One solution I could take was to buy an external temperature regulator that simply switched the power for the deep fryer on and off. This would mean that I would be able to use its basket and heating element, but just substitute out the thermoregulation.
However, I stumbled across this post on Seattle Food Geek and decided that building my own solution would be much more fun. Plus, since this build would be for an immersion circulator type of device instead of an all-in-one machine like the deep fryer (or the Sous Vide Supreme), I could use any size container and accommodate any amount of food.
I essentially followed the instructions given on the site, though I made it modular (I plug in the heating element instead of having it built-in), and mine doesn’t look nearly as slick.
There is also an element of electrocution risk in mine, since although I soldered the connections well and topped them with lens caps, there’s still a fair amount of naked wire protruding (probably not good for an application that inherently involves being around a large amounts of water). I probably wouldn’t feel comfortable leaving it on overnight. Pictures and explanations below:
Aquarium pump, needed to circulate the water. It should be on a separate circuit from the PID (temperature controller) since it needs to always be on, while the heating elements will be turned on and off based on the temperature.
Immersion heater coil. I decided to not build this thing into my setup and instead have a plug for it, since these coils apparently burn out easily. My setup, unfortunately, can’t handle much more than one of these without itself burning out (the relay would blow up).
Thermocouple. This is used to sense the temperature for the PID.
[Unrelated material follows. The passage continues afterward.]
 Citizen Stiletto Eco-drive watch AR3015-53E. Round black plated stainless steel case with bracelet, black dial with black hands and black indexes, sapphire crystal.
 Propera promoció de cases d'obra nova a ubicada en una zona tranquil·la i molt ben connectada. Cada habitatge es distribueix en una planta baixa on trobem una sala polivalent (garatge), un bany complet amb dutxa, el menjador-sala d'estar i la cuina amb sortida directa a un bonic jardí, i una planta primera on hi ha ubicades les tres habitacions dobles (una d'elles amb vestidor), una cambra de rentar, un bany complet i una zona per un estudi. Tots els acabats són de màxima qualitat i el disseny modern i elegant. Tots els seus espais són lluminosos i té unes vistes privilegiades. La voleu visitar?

Switch. My little conceit, since given how basic my setup is, I could just plug it in/pull the plug for on/off.
The heart of the setup. The PID takes temperature information from the thermocouple and sends a signal to a relay to complete/break a circuit based on temperature. This model has its own electrical relay built-in. Somehow, Seattle Food Geek blog had a PID with an internal relay that could take three immersion heaters. Based on the electrical rating on mine… it can take basically one.
How the setup works. Thermocouple senses temperature, the pump circulates water, and the heater raises the temperature as needed (turns off when temperature is reached or about to be reached).
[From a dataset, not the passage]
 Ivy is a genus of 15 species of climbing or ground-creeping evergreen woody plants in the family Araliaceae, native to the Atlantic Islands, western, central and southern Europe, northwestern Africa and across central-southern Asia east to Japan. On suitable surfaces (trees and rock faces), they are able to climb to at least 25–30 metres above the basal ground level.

The aquarium pump (black plug) is meant to be separate from the PID-controlled circuit (white plug), since the pump needs to be always on, and the PID switches its circuit on and off based on temperature.
Heater gets plugged into the PID-controlled circuit. I used a cut up extension cord to make this.
The whole shebang.I did think about using this setup to control my deep fryer, but quickly realized that the built-in relay in my PID is rated for voltage that is WAY lower. I would need to install a more robust external relay in order to actually be able to push the machine to be able to handle that kind of electrical throughput — at the moment, the PID is barely rated enough for more than one immersion heating element. Putting the external relay in would also require some rewiring to bypass the PID’s relay element, which is probably more than I want to do in the near term (I actually have the solid state relay I want to use already). For now, I’m pretty happy that I have something that will finally give me my perfectly cooked steaks, chicken, and anything else I want to toss into it.